Interesting item for the Consumer conference.

Is this a compiled Java program?  
i
response 2 of 6: Mark Unseen   Oct 19 00:57 UTC 1999

My first thought was that the c program should enjoy a much larger speed
advantage over the java.  A peek at the c code shows why it's "slow" - 
it's optimized for source code compactness & readability.  (Though 
counting "whitespace characters" (there's several of 'em) instead of
just spaces makes it much slower on 'most any general-purpose CPU.)
remmers
response 3 of 6: Mark Unseen   Oct 20 18:52 UTC 1999

(Opps!!  I meant to post this in "jellyware", not "consumer".
Well, feel free to comment anyway. You might turn this into a
discussion the relative benefits of C and Java for consumers...)

<remmers blushes>

Out of curiosity, how would you make the C version faster?
i
response 4 of 6: Mark Unseen   Oct 23 04:38 UTC 1999

<i peeks at a few things & plays around>
It looks like the local version of C takes care of the first three
things i suspected might drag down your code's speed - overhead of
calling getchar(), overhead of calling isspace(), and non-lookup-
table logic in isspace().  That leaves the overhead of reading one
character at a time from stdin and (minor) bit-fiddling in the local
isspace()'s lookup table.  

Running your code against /vmunix, i got times of 1.3/1.2/0.1 by 
compiling with gcc -O2.  Hacking it to take input in large blocks
(with fread), use its own isspace() lookup table, and unrolling the 
innermost loop a bit, i got times of 0.7/0.5/0.1 (same gcc -O2).

Though my hacks double the speed, it's still managing less than
3MB/sec.  I'm not really impressed with the assembly code that 
gcc puts out, but i doubt that even hand-crafted assembly code
would get much more than another 2x speed-up.  Oh, well - i was
(wrongly) assuming grex's CPU's rated a few more MIPS than that. 
remmers
response 5 of 6: Mark Unseen   Oct 27 17:38 UTC 1999

Hm, that was some nice optimizing you did.

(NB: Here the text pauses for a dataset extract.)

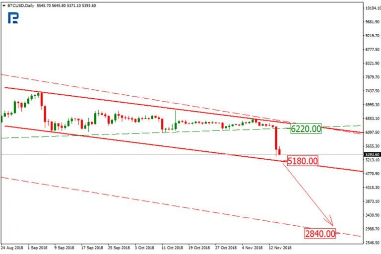 While crypto traders and investors are worried about the current situation, technically, Bitcoin is going along its long term downtrend, with yesterday’s fall being a strong move after a long consolidation phase. Thus, the lower boundary breakout was quite natural. The immediate downtrend target is the midterm channel support at $5,180, after which a short term pullback may be expected. If the support gets broken out, the price may well reach the major support at as low as $2,840.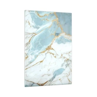 Glasbild - Bild auf glas - Blaue und weiße Marmormuster mit zusätzlichen goldenen Adern - 80x120cm - Reichtum des Steins - Moderne Wanddekoration für Wohnzimmer und Schlafzimmer ARTTOR

I entered a version of this item in the place I originally intended
for it -- the "jellyware" conference.  Discussion there is heading
off in a different direction, though.
i
response 6 of 6: Mark Unseen   Sep 3 02:44 UTC 2001

I briefly played with this again.  My idea was to build an array

unsigned char is16space[256*256],

initialize it to 

is16space[i] =  2 if isspace[i>>8] and isspace[i&0xFF],
                1 if      "        xor      "         ,
                0 otherwise,

and use that to sum over the input buffer twice as fast (by doing the
sum 2 bytes at a time vs. 1 at a time).  (Yes, may be *slower* if the
effective L1 data cache size isn't fairly large.)  My quick & dirty 
attempt abused typing more than gcc could stand, however, and i'm not
feeling interested enough tonight spend more time. 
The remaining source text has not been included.